Triangle des tumultes

Encore que le président du Mouvement pour la Renaissance du Cameroun (MRC) ressemble à bien des égards aux autres leaders de la rivalité têtue, qui tentent distinctement de faire cavalier seul dans un scrutin à un tour, reflétant les fringales pressantes et les discordes incessantes au sein d'une joyeuse cohorte présumée opposante. Si la « candidature hypothétique » du patron du MRC débouche sur une validation par le Conseil constitutionnel (2), elle ne serait pas isolée dans une course à la mangeoire où les promesses intenables sont légion et où l’exercice frêle de l'art politique est assimilé à un moyen d’enrichissement au même titre qu’une simple activité mercantile de marchés publics. Ces pratiques qui épuisent l’ordre social par des abus perfides et dévorent des ressources utiles contre la pauvreté du pays profond, ne tendent à rien moins qu’à faire de l'élection présidentielle un vaste comptoir marchand.

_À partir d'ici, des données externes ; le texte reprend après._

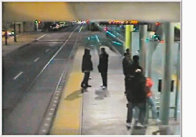 根據(jù)錄像帶影像信息,受害人與五名非裔青少年于案發(fā)前七分鐘先后走上T線輕軌公車站月臺(tái)。在這七分鐘內(nèi),華裔婦人不時(shí)遠(yuǎn)看馬路前方,希望公交車快點(diǎn)來到,也不時(shí)避開五名非裔青少年,當(dāng)五少年走近她時(shí),她就移步月臺(tái)中間墻壁的另一邊。
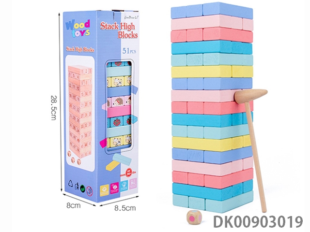 Wooden push tower cube building blocks
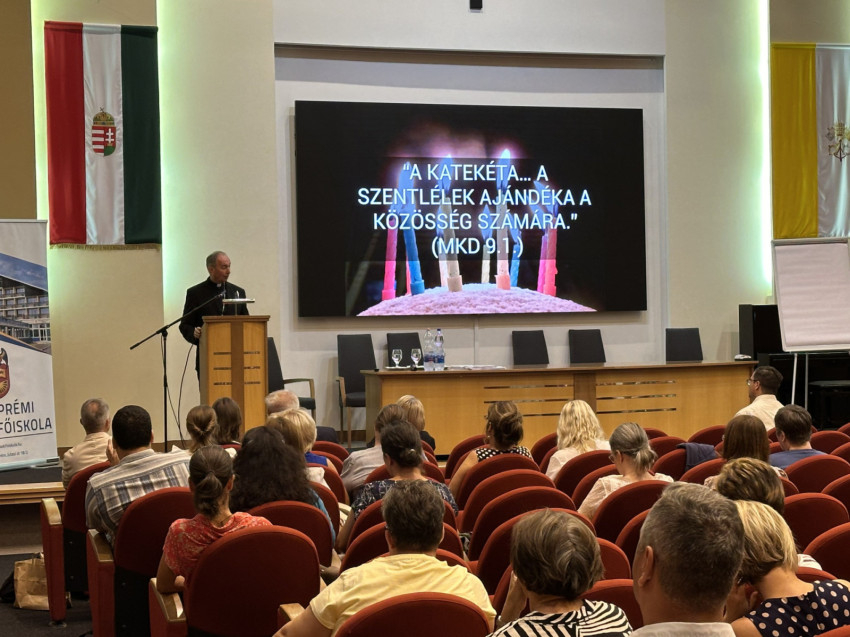 Kató Csaba előadásában hangsúlyozta a hittapasztalat fontosságát. Szükséges, hogy a katekéta ápolja és erőt merítsen belőle a nehézségek idején. A katekéta vezetője és kísérője a rábízottaknak. Mester és tanítvány kapcsolatában mester csak az tud lenni, akinek van tapasztalata. Feladata, hogy tapasztalatának segítségével átadja a hittartalmat tanítványainak. 3-3 szent példáján keresztül mutatta be az előadó a mester és tanítvány, kísérő és kísért kapcsolódását és ennek szép megvalósulását. Istennek terve van mindazokkal, akiket ránk bízott. Kapcsolódás nélkül nehéz elképzelni a katekéta szolgálatát. A katekéta a Szentlélek ajándéka, de
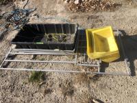 (1) poly fence feeder, (2) calf sleds, 45 inch H X 92 inch long panel with small gate

En réalité, au cœur du Triangle des tumultes, le landerneau est si frauduleux qu’il semble douteux de savoir à quel prétendant sérieux au trône le suffrage devrait être accordé, tant l’escobarderie civique et la supercherie déontologique tracassent une nation énergique et fracassent les principes démocratiques. Nonobstant un système électoral rôdé, il n’est pas rare d’entendre des échos malsains du « marchandage » d’alliances dissonantes et déchirantes (3). Certains candidats sans domicile fixe partisan vont jusqu’à louer, emprunter ou arracher la légalité d’autres formations politiques pour acquérir un semblant de virginité et se présenter devant un peuple ébahi (4).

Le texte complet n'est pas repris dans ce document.